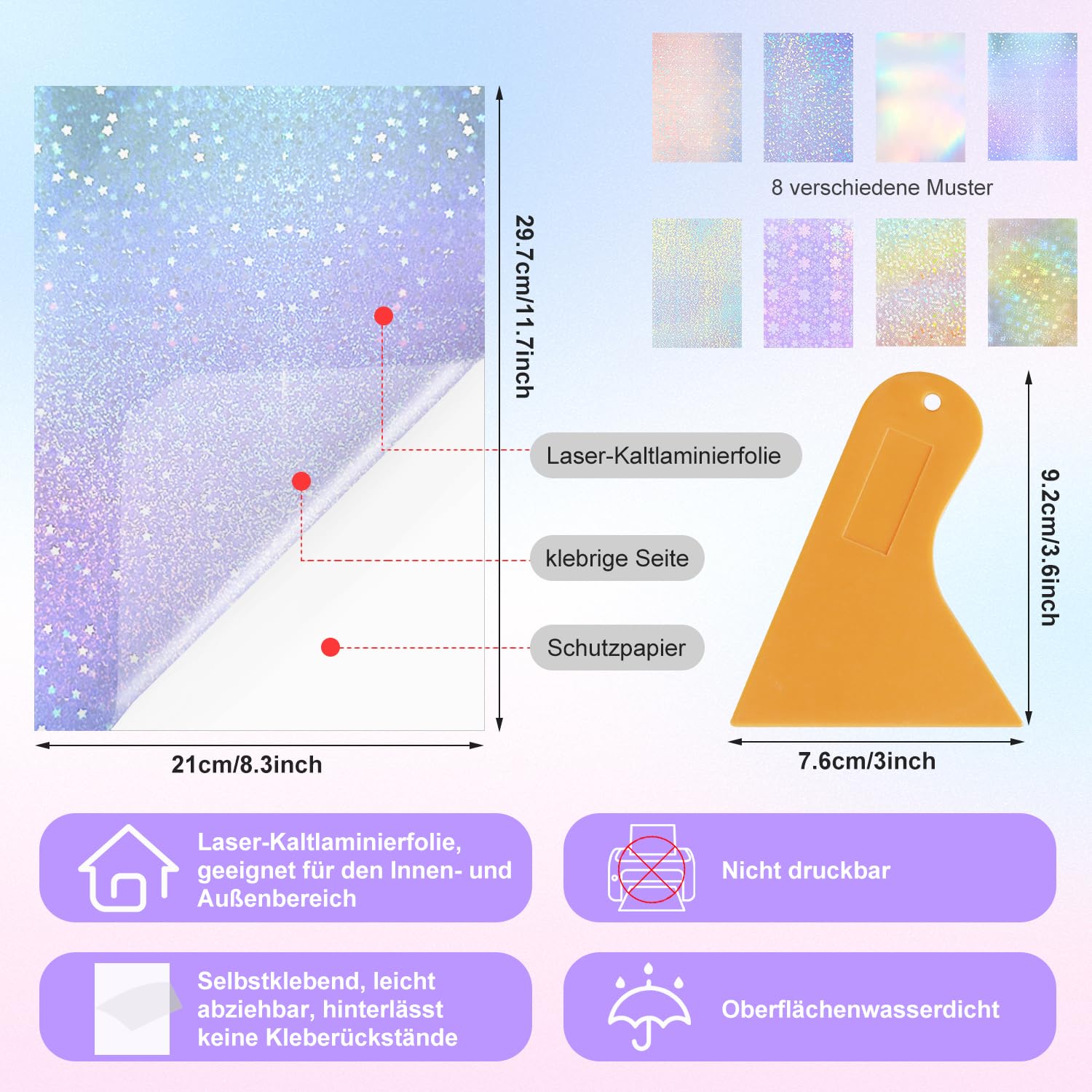 Holografische Folie, 20 Blatt Klares Vinyl Holografische Aufkleber
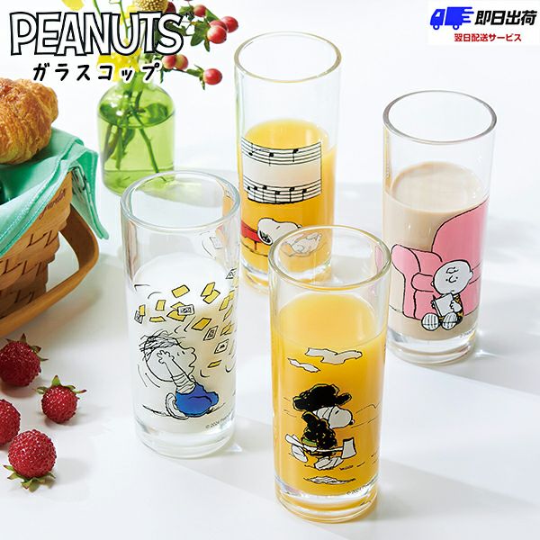 スヌーピーデザインがキュート☆どんな飲みものも絵になるかわいさの、細長シェイプガラスコップです。
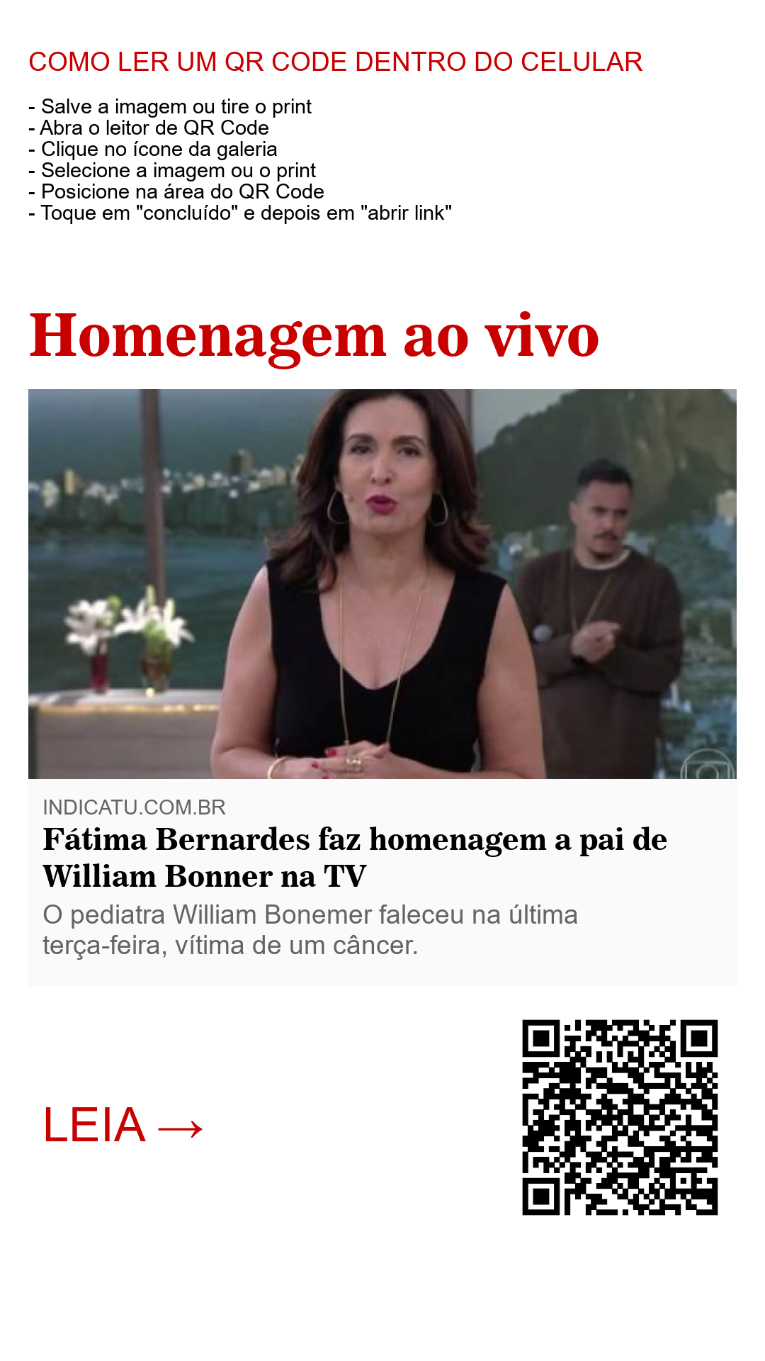 “Eu começo o programa de hoje agradecendo aos meus parceiros Cissa, Lair e Felipe Andreoli. Somente com o apoio deles eu pude me despedir do melhor sogro que poderia ter tido na minha vida.” Foi assim que Fátima Bernardes abriu seu programa no final da manhã desta quinta-feira na Globo. Nesta quarta, a apresentadora faltou ao Encontro com Fátima Bernardes para acompanhar o enterro do pediatra William Bonemer, pai de seu ex-marido, William Bonner, em São Paulo. “Um homem íntegro, honesto, que era muito carinhoso comigo e só tinha sempre palavras de elogio”, continuou, em sua homenagem ao vivo.
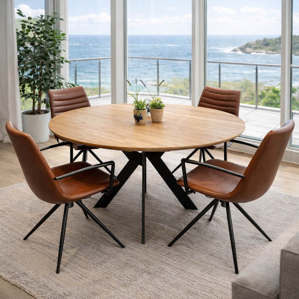 Rundt spisebord i eg natur olie
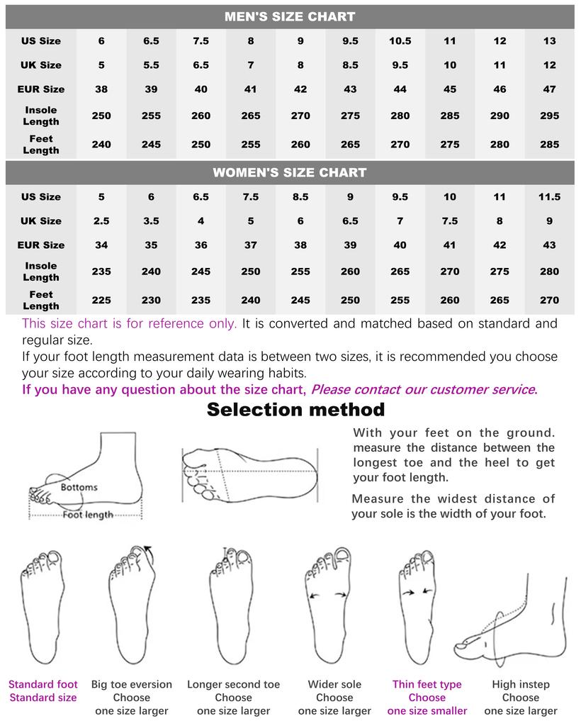 Уведомление: вальгусная деформация большого пальца ноги (выберите один размер вверх), второй палец длиннее (выберите один размер вверх), более широкая подошва (выберите один размер вверх), тонкая нога (выбрать на один размер меньше), высокий подъем (выберите один размер вверх) код)

____________________

No pictures belong in the copy. Repeat the entries exactly.

# Solved exercise
 Holografische Folie, 20 Blatt Klares Vinyl Holografische Aufkleber
 スヌーピーデザインがキュート☆どんな飲みものも絵になるかわいさの、細長シェイプガラスコップです。
 “Eu começo o programa de hoje agradecendo aos meus parceiros Cissa, Lair e Felipe Andreoli. Somente com o apoio deles eu pude me despedir do melhor sogro que poderia ter tido na minha vida.” Foi assim que Fátima Bernardes abriu seu programa no final da manhã desta quinta-feira na Globo. Nesta quarta, a apresentadora faltou ao Encontro com Fátima Bernardes para acompanhar o enterro do pediatra William Bonemer, pai de seu ex-marido, William Bonner, em São Paulo. “Um homem íntegro, honesto, que era muito carinhoso comigo e só tinha sempre palavras de elogio”, continuou, em sua homenagem ao vivo.
 Rundt spisebord i eg natur olie
 Уведомление: вальгусная деформация большого пальца ноги (выберите один размер вверх), второй палец длиннее (выберите один размер вверх), более широкая подошва (выберите один размер вверх), тонкая нога (выбрать на один размер меньше), высокий подъем (выберите один размер вверх) код)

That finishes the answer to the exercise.